Transcribe each record exactly, but omit pictures.

*MATERIAL PROVIDED*
++++++++

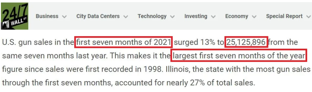 美媒發布的最新數據顯示,今年僅前7個月,美國槍支銷量就已超過2500萬支,創下1998年有記錄以來的同期最大銷量。
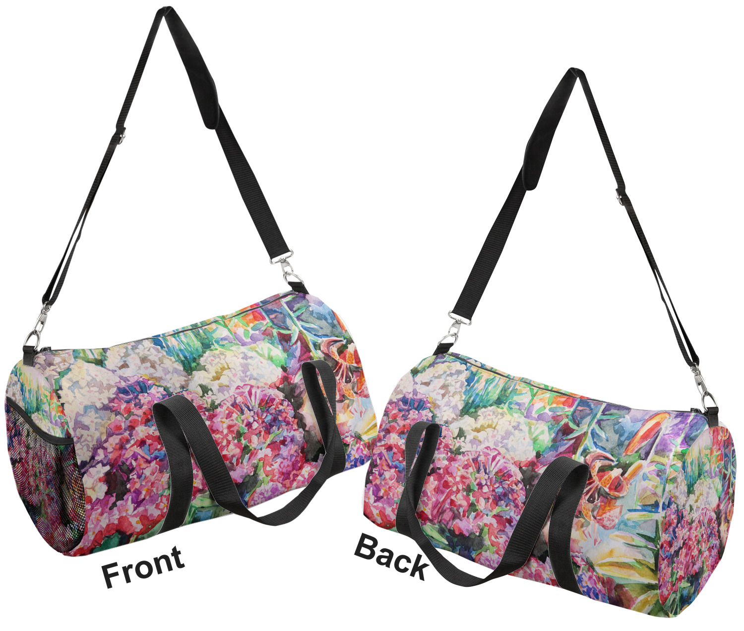 This duffle is a sturdy bag made of a canvas material. It comes in two sizes: Small (19"W x 9.5"H x 9.5"D) and Large (23"W x 12"H x 12"D). The bag is a cylindrical shape with a black adjustable strap and two handles. On one side is an elastic pouch to put a waterbottle or other small item. Your product will be sublimated with your design and is able to be designed on the front, back, and sides. Be sure to remember that the straps may cut into parts of your design if you upload your own artwork.
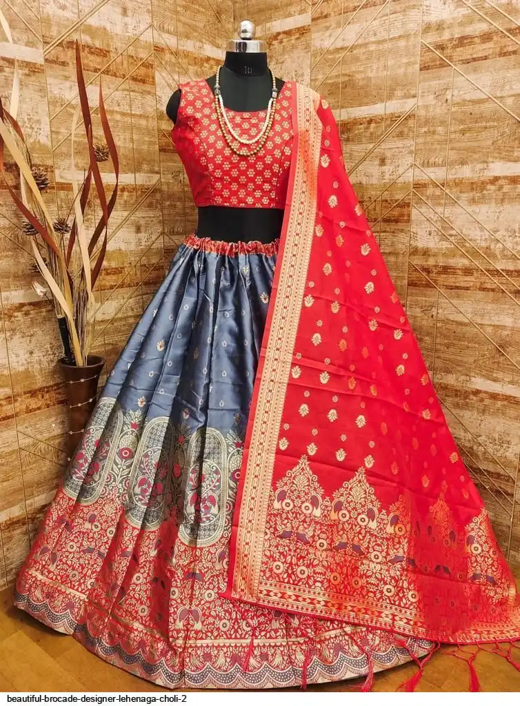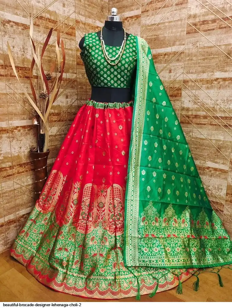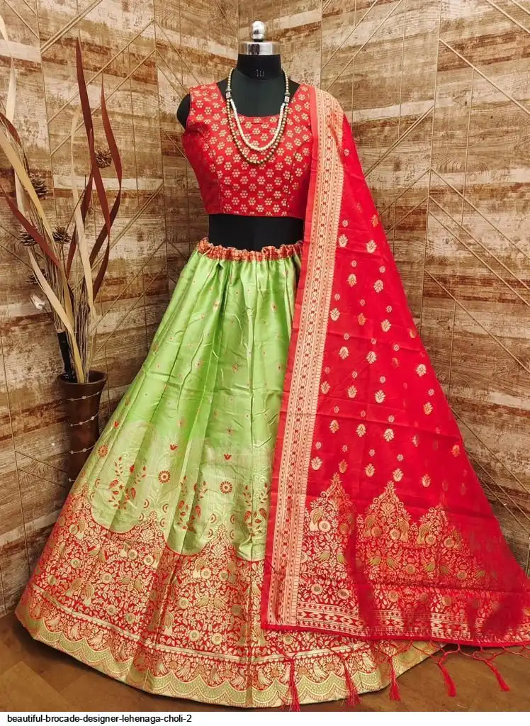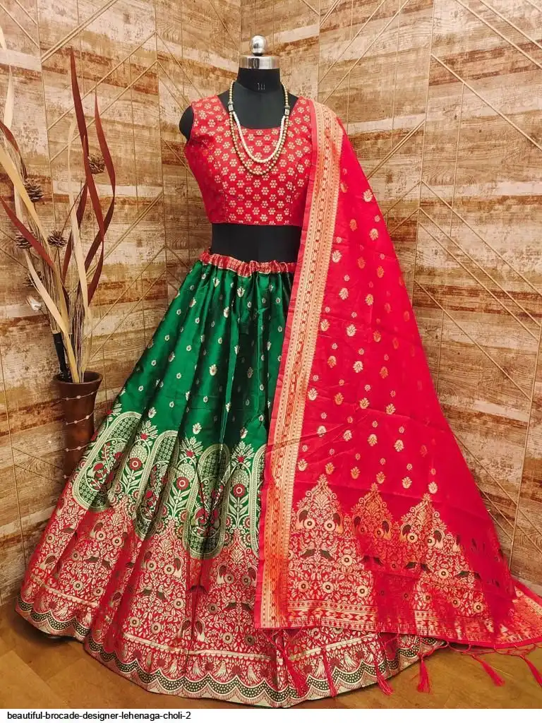 Lehnga : Brocade fabric lehengha with inner , cancan & canvas_ semi stitch Size - upto 42, length - 42
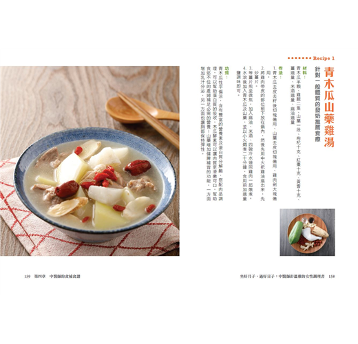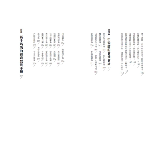 .最美味的中醫師食補食譜俗話說:「藥補不如食補。」對於坐月子的媽咪來說,飲食調養是不可或缺的項目之一,因為分娩造成的虛損,要靠飲食的調理來療癒。彭醫師將24道私房食補食譜大公開,像是針對發奶的青木瓜山藥雞湯、花生豬腳湯,針對瘦身及補血的山楂番茄牛肉湯,道道養生、道道美味。
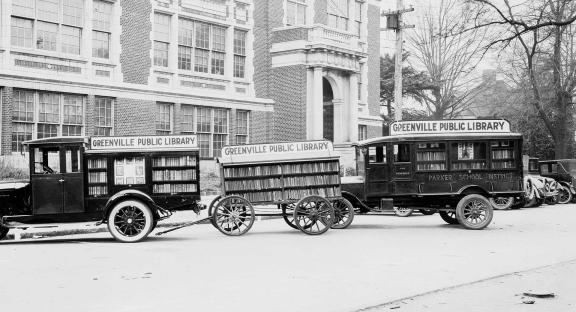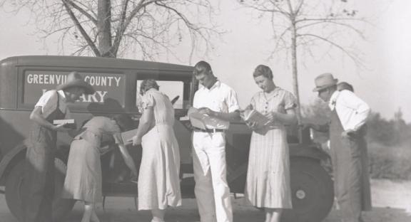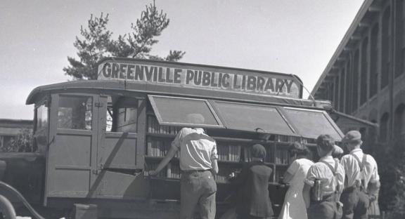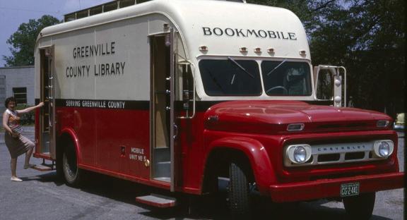 Greenville County was the home of the South’s first bookmobile, which served both white and African American schools & communities. (Image from the South Carolina Room Collection)
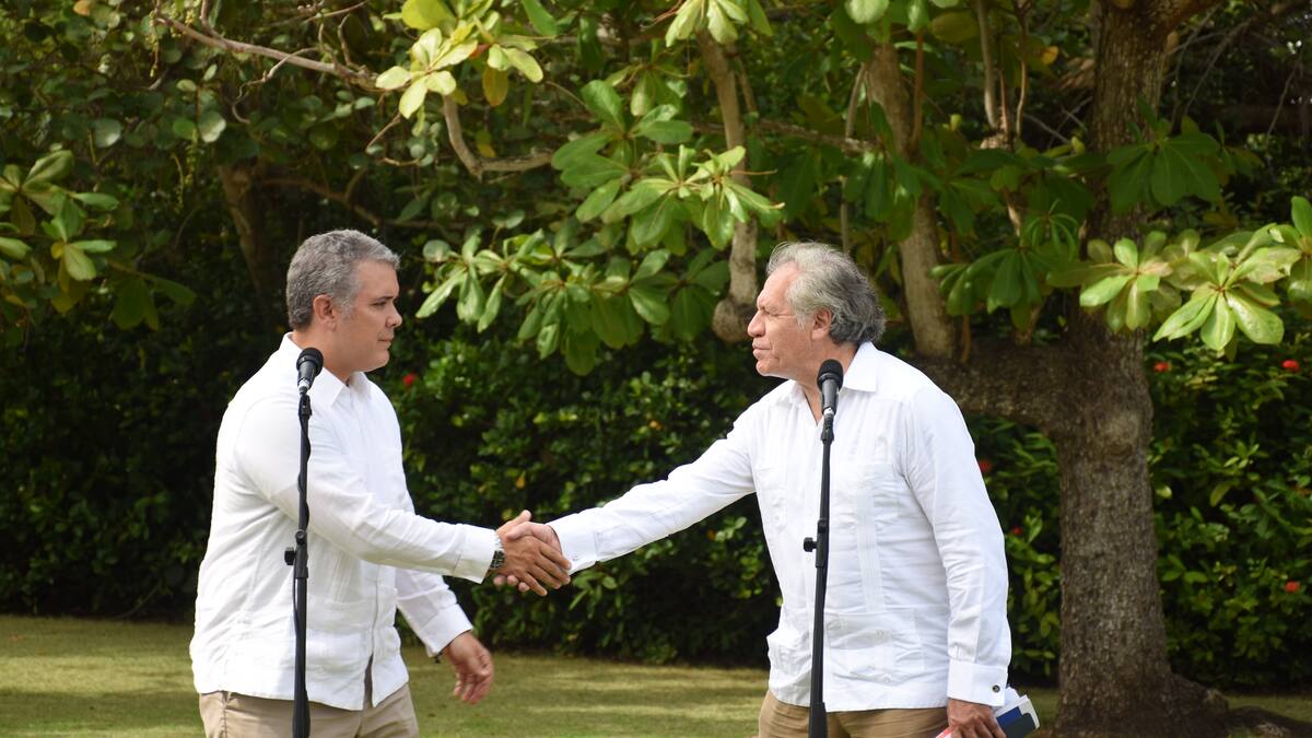 El anuncio de Almagro se dio luego de una reunión de trabajo de cerca de 40 minutos, con el presidente Iván Duque, en la que también se abordaron temas como el cumplimiento de los acuerdos de paz y la puesta de marcha de estrategias que permiten enfrentar la crisis migratoria venezolana.
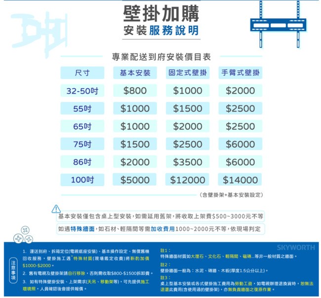 基本安裝 SKYWORTH 創維 55吋 55Q660G 4K QLED Google TV 聯網顯示器
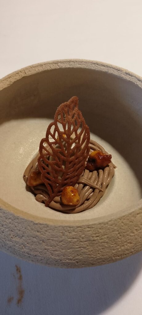 Primer va caure el pijama reinventat. Saps el pijama de tota la vida? Doncs no s’hi assemblava gens visualment però de gust… buf. Portava com un lingote que juraria que era un tocinet de cel que es desfeia a la boca, una passada. Després hi havia un altre postre de xocolata que ara mateix no em surt el nom, soc un desastre, però el que em va flipar de veritat va ser la textura de la fulla que portava a sobre; era súper cruixent i li donava el punt perfecte.
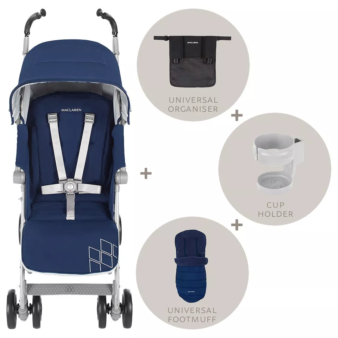 - Includes: Universal Footmuff, Universal Organiser, Cupholder and Premium Wind-Resistant Raincover
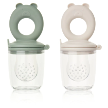 Avec un petit réceptable en bas, pour rattraper tout ce qui tombera à côté de la bouche et éviter de donner à manger au parquet ;) Dégotés à 9€ au lieu de 26€.

++++++++

*TASK OUTPUT*
 美媒發布的最新數據顯示,今年僅前7個月,美國槍支銷量就已超過2500萬支,創下1998年有記錄以來的同期最大銷量。
 This duffle is a sturdy bag made of a canvas material. It comes in two sizes: Small (19"W x 9.5"H x 9.5"D) and Large (23"W x 12"H x 12"D). The bag is a cylindrical shape with a black adjustable strap and two handles. On one side is an elastic pouch to put a waterbottle or other small item. Your product will be sublimated with your design and is able to be designed on the front, back, and sides. Be sure to remember that the straps may cut into parts of your design if you upload your own artwork.
 Lehnga : Brocade fabric lehengha with inner , cancan & canvas_ semi stitch Size - upto 42, length - 42
 .最美味的中醫師食補食譜俗話說:「藥補不如食補。」對於坐月子的媽咪來說,飲食調養是不可或缺的項目之一,因為分娩造成的虛損,要靠飲食的調理來療癒。彭醫師將24道私房食補食譜大公開,像是針對發奶的青木瓜山藥雞湯、花生豬腳湯,針對瘦身及補血的山楂番茄牛肉湯,道道養生、道道美味。
 Greenville County was the home of the South’s first bookmobile, which served both white and African American schools & communities. (Image from the South Carolina Room Collection)
 El anuncio de Almagro se dio luego de una reunión de trabajo de cerca de 40 minutos, con el presidente Iván Duque, en la que también se abordaron temas como el cumplimiento de los acuerdos de paz y la puesta de marcha de estrategias que permiten enfrentar la crisis migratoria venezolana.
 基本安裝 SKYWORTH 創維 55吋 55Q660G 4K QLED Google TV 聯網顯示器
 Primer va caure el pijama reinventat. Saps el pijama de tota la vida? Doncs no s’hi assemblava gens visualment però de gust… buf. Portava com un lingote que juraria que era un tocinet de cel que es desfeia a la boca, una passada. Després hi havia un altre postre de xocolata que ara mateix no em surt el nom, soc un desastre, però el que em va flipar de veritat va ser la textura de la fulla que portava a sobre; era súper cruixent i li donava el punt perfecte.
 - Includes: Universal Footmuff, Universal Organiser, Cupholder and Premium Wind-Resistant Raincover
 Avec un petit réceptable en bas, pour rattraper tout ce qui tombera à côté de la bouche et éviter de donner à manger au parquet ;) Dégotés à 9€ au lieu de 26€.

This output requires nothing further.